In the old days, Hollywood knew better.  Groucho Marx always said he made his movies for the “Barber in Peru” (Peru, Indiana).  Of course those movies have lasted pretty well.

The question that Lionel Chetwynd and I deal with in the new PoliwoodTin Ears in Tinseltown: Will Hollywood Miss the Impact of the Election? — is obviously whether Hollywood is going to change because of what transpired last week.

Many factors weigh into this — the expansion of foreign markets and financing quite significantly — but I suspect there will be some sort of change.  You won’t see it immediately, of course.  Motion picture and television productions don’t happen in a week.  Movies often take years to reach the screen.  And, as Lionel mentions on the show, it might not come from traditional Hollywood sources, but it’s clear people are thinking about how to reach this other large part of the American public.  There’s money to be made, whatever your ideology.

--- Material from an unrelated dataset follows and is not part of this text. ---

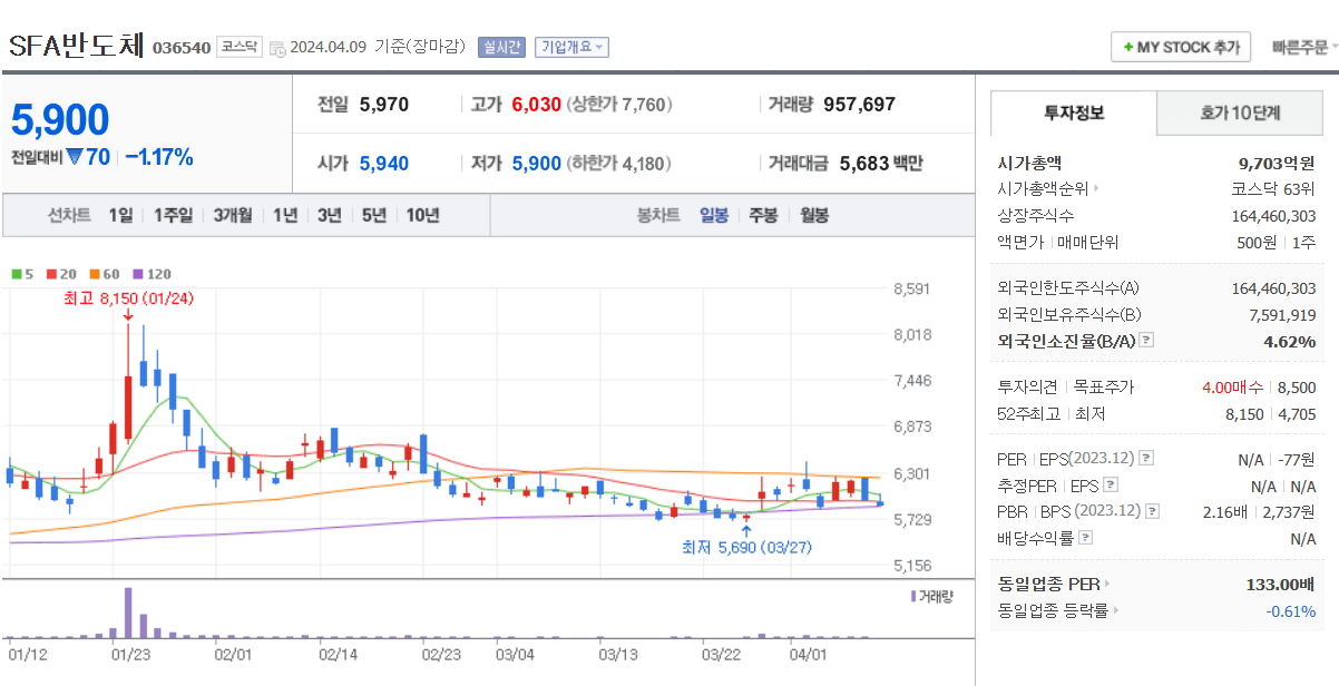 - 이러한 이유로 SFA반도체는 반도체 후공정 관련 테마주로 편입되어 있으며, 앞으로도 지속적인 성장 가능성을 보유하고 있음.

Another interesting factor is superficial ideology versus real ideology. Everything is not as it seems.  Jeffrey Katzenberg, a self-proclaimed liberal, as head of studio quite frequently green lights, even initiates, the most conservative, family-ish films. Indeed he has been identified with such movies. Steven Spielberg has been wildly inconsistent in that regard.  E.T. and Munich do not seem to have been made by the same person. (In the case of Munich, the influence of writer Tony Kushner is strong.) The important thing to these people is to be perceived as being on the left.  What they do — or really think — is another matter.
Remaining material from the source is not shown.